◆ **Exercise**:
Span requested from the data below: the line with "7460035441636005 | framboise21" through the line with "学校図書館に入れる本を選ぶ、", both included. Give only these lines again, exactly, and leave every picture out.

◆ **Data**:
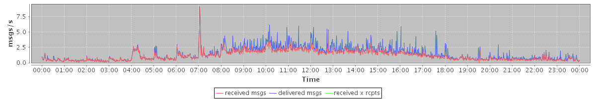 avg(received msgs) = 1.18 avg(delivered msgs) = 1.46 avg(received x rcpts) = 1.47
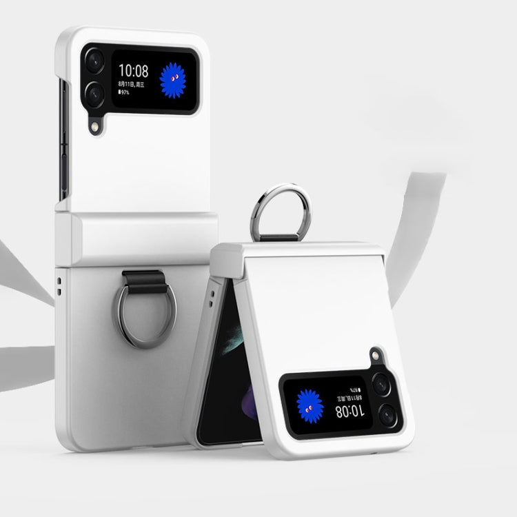 For Samsung Galaxy Z Flip4 5G Ultra-thin Skin Feel Ring Phone Case with Hinge(White)
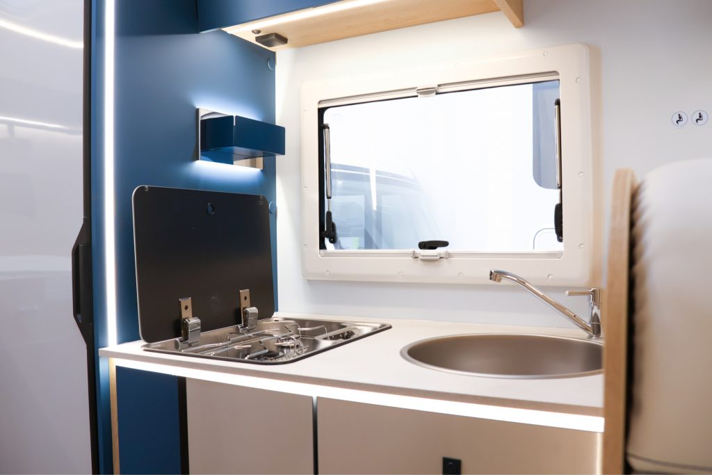 PACK HORON FORD (Ford Transit 2.0 l 165CV ,Fari "High Series" con luci di svolta statiche, Vano portaoggetti con serratura, Finiture cruscotto "Trend«, Paraurti e modanature laterali verniciati in tinta con la carrozzeria, Porta Cellula con 2 punti di chiusura, con finestra e chiusura centralizzata, Pannello di controllo CP-Plus, Coprilavello/tagliere, Pannello solare da 200W con regolatore MPPT, Skyroof, Oscuranti cabina plissettati, Coprisedili cabina) DI SERIE
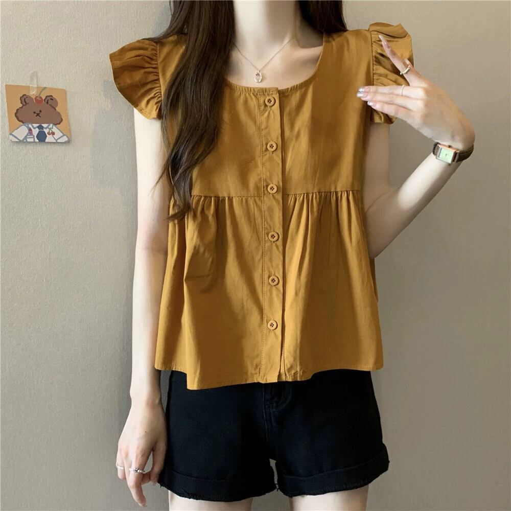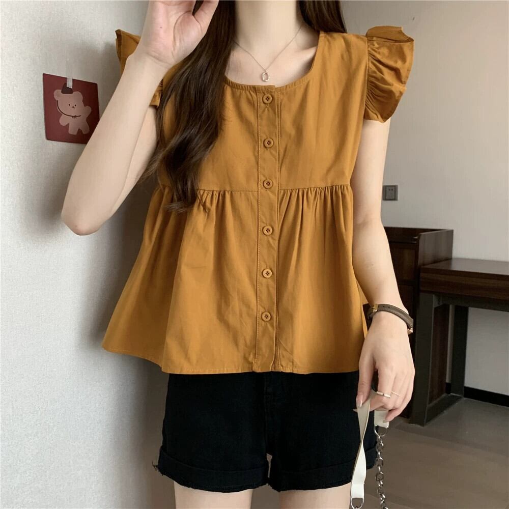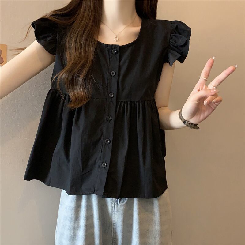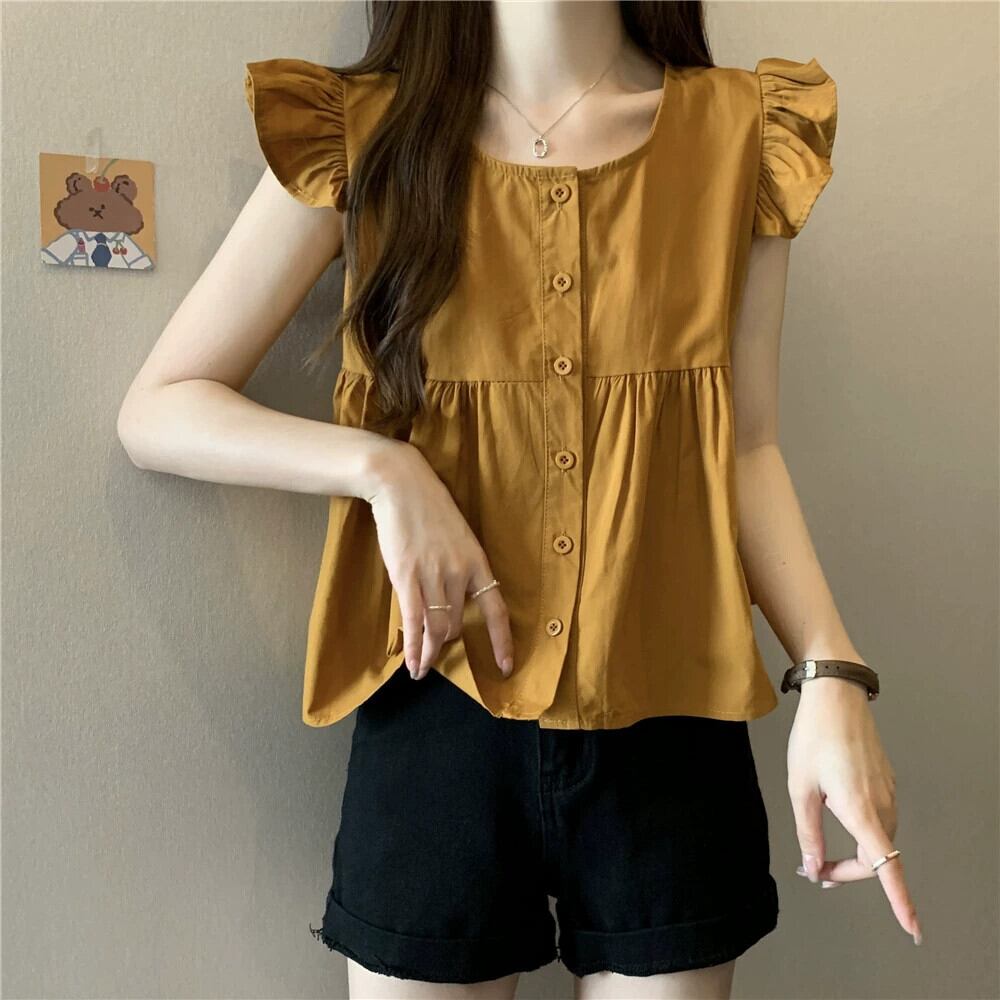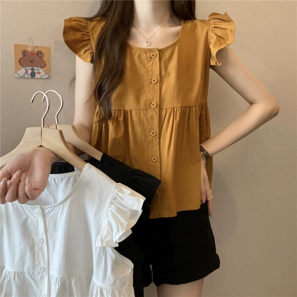 小さなフライングスリーブドールシャツトップスレディース夏フレンチシックなデザイン感ゆったりオールマッチフリルノースリーブシャツブラック サマー 夏物 7460035441636005 | framboise21
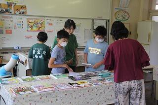 学校図書館に入れる本を選ぶ、選書会を行いました。業者の方が用意してくれた本の中から、それぞれに読みたい本を選びました。
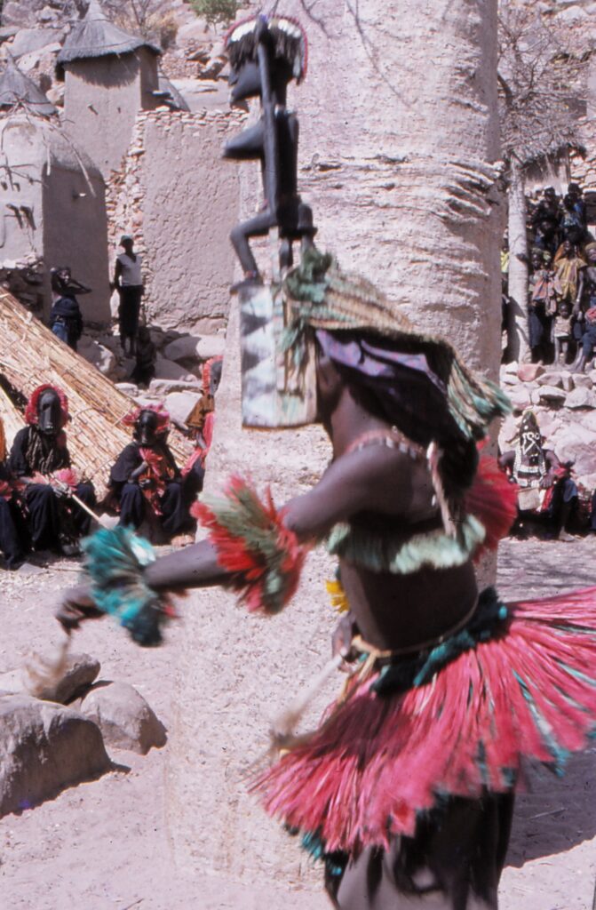 Dogon maskers zijn in essentie de vorm waarin de bush het dorp binnenkomt om het dorp weer kracht te geven na het overlijden van veel ouderen, met hun wijsheid en spirituele kracht, een interpretatie die spoort met wat we weten van maskerrituelen in andere West-Afrikaanse groepen.
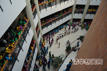 所有参与者按米兰 (Tsinghua)英文单词中的八个字母,平均分为T、S、I、N、G、H、U、A八个“省”,其下各设五个“城市”,学生穿着红、黄、蓝、绿、紫五种不同颜色T恤衫。每个“省”配有外籍教师5名、外籍志愿者10名、中国协调教师2名、米兰志愿者10名、香港志愿者2名。
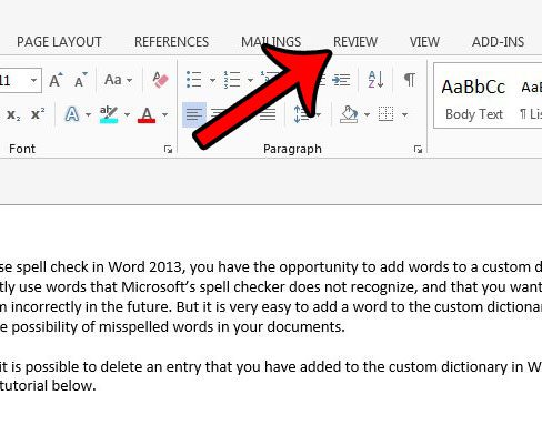 Το άρθρο μας συνεχίζεται παρακάτω με πρόσθετες πληροφορίες σχετικά με την ενεργοποίηση του ορθογραφικού ελέγχου στο Word 2013, συμπεριλαμβανομένων των εικόνων για αυτά τα βήματα.
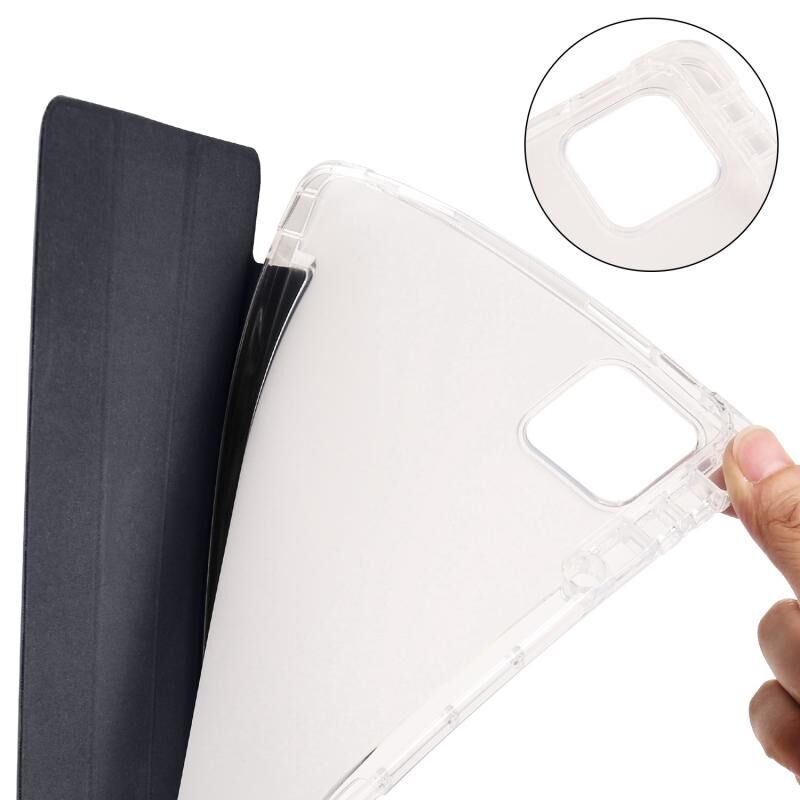 For iPad Pro 11 2024 3-fold Clear TPU Smart Leather Tablet Case with Pen Slot(Black)
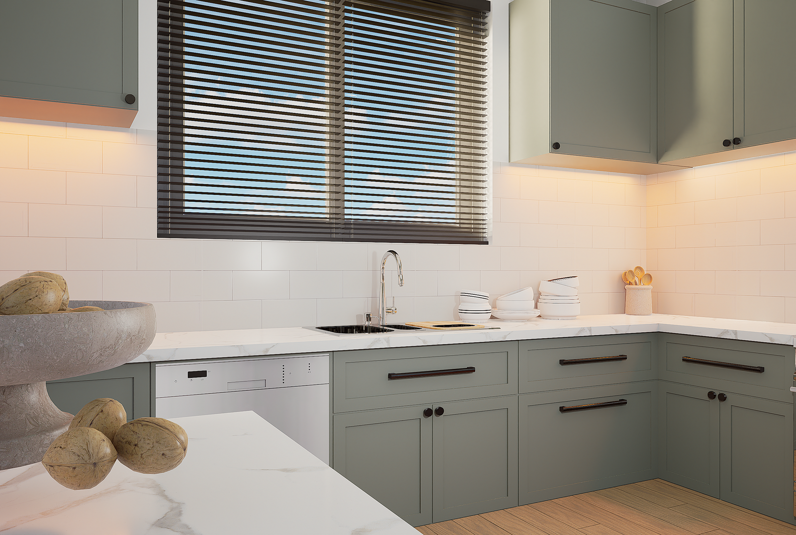 The Culinary Horizon project presents a sophisticated residential kitchen designed for both high-performance cooking and elegant casual dining. The core concept is “Grounded Modernism,” achieved by anchoring a clean, contemporary layout with the soft, earthy tones of sage green and natural wood. Inspiration is drawn from classic Shaker cabinetry and the tranquil color palettes found in nature, filtered through a modern lens. The primary purpose was to create a kitchen that is warm, inviting, and highly efficient, maximizing storage and workspace while providing a comforting aesthetic that moves beyond the starkness of typical minimalist design.
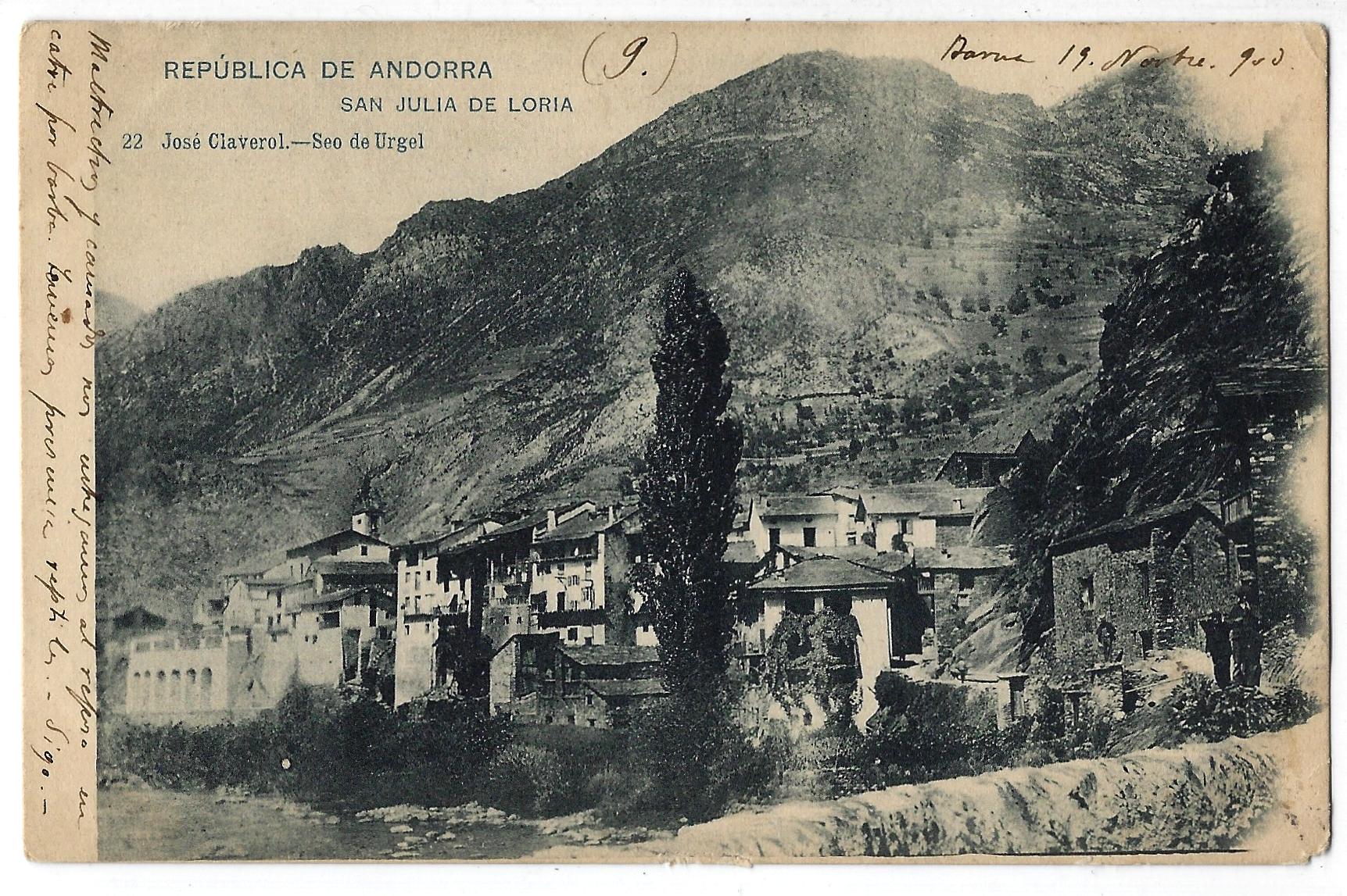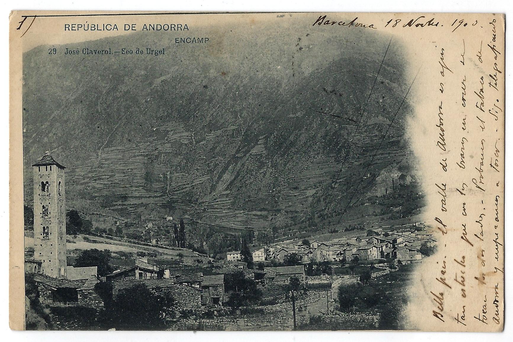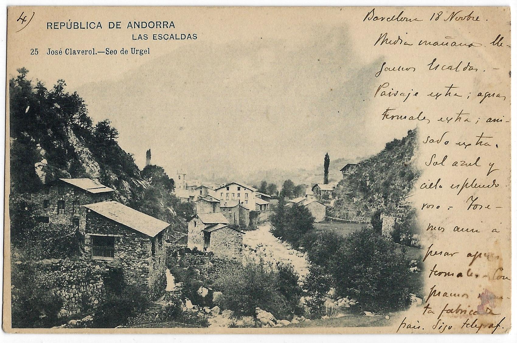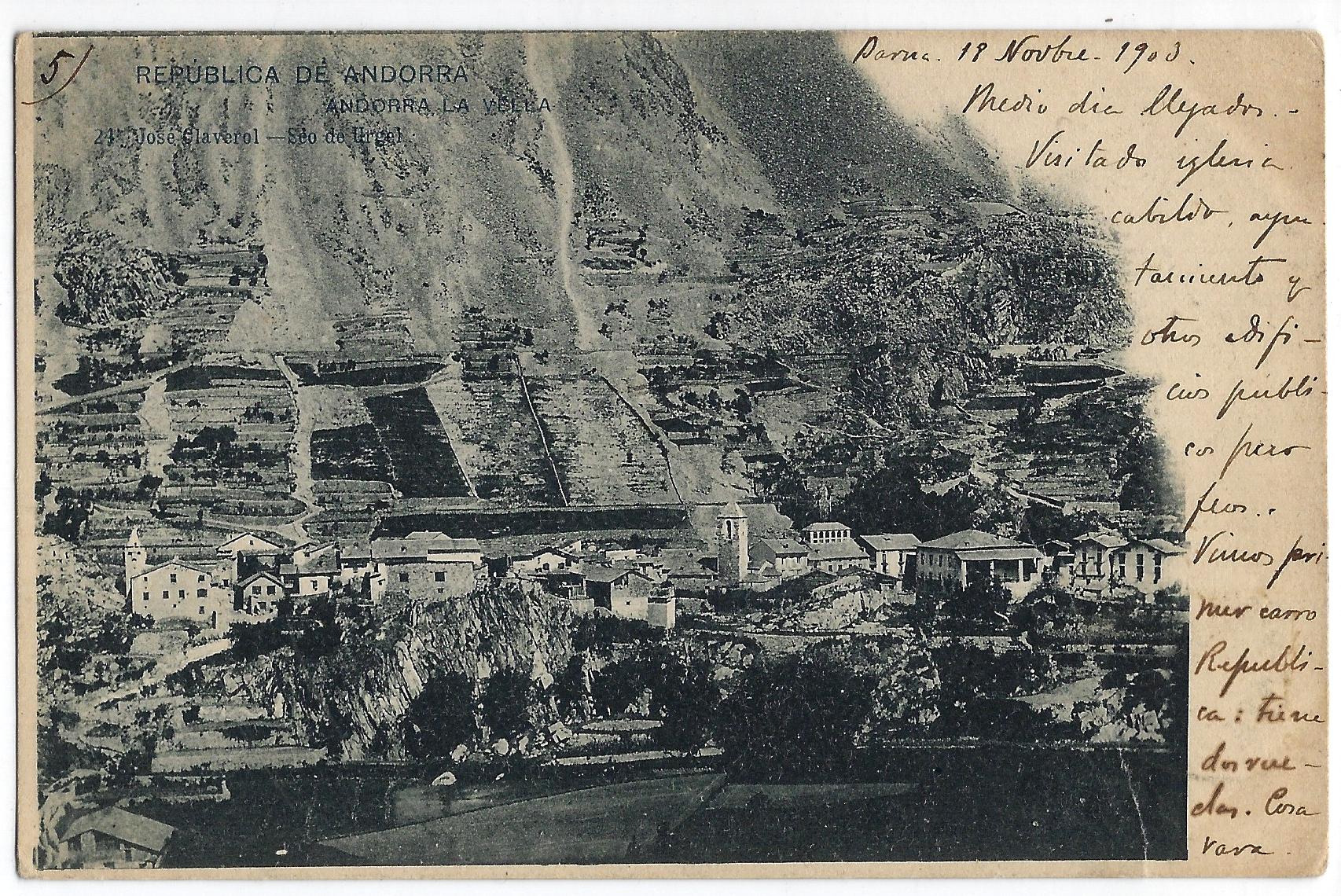 “Bello país. El Vall de Andorra es aquí tan estrecho que [con] los brazos en cruz se tocan los dos lados. Probamos el tabaco de Andorra y empezamos a toser. Sigo telegrafiando”. Així resa la primera i sensacional postal de la formidable sèrie d’onze targetes amb fotografies de José Claverol i editades per la casa Hauser y Menet de Madrid datades entre el 18 i el 19 de novembre del 1903 a Barcelona i que un tal G. Arés (o potser G. Aris) li va escriure puntualment a una amiga seva de la qual només sabem (de moment) que residia al Passeig de Gràcia de la capital catalana i que tenia la dèria de col·leccionar postals. El lot sencer va anar a parar per una d’aquelles casualitats del destí a mans de José María Sandoval, que també exerceix com a col·leccionista i de qui vam parlar aquí mateix fa uns mesos perquè entre els seus fons oceànics (entre 25.000 i 30.000 exemplars de temàtica eclèctica però tots datats entre finals del XIX i principis del XX) havia aparegut el negatiu original, una placa de vidre de 9 per 12 centímetres, del garrot vil de Casa de la Vall disparat a principis de segle per Guillem de Plandolit: és la fotografia més antiga que se’n coneix.

◆ **Reply to the task**:
 小さなフライングスリーブドールシャツトップスレディース夏フレンチシックなデザイン感ゆったりオールマッチフリルノースリーブシャツブラック サマー 夏物 7460035441636005 | framboise21
 学校図書館に入れる本を選ぶ、選書会を行いました。業者の方が用意してくれた本の中から、それぞれに読みたい本を選びました。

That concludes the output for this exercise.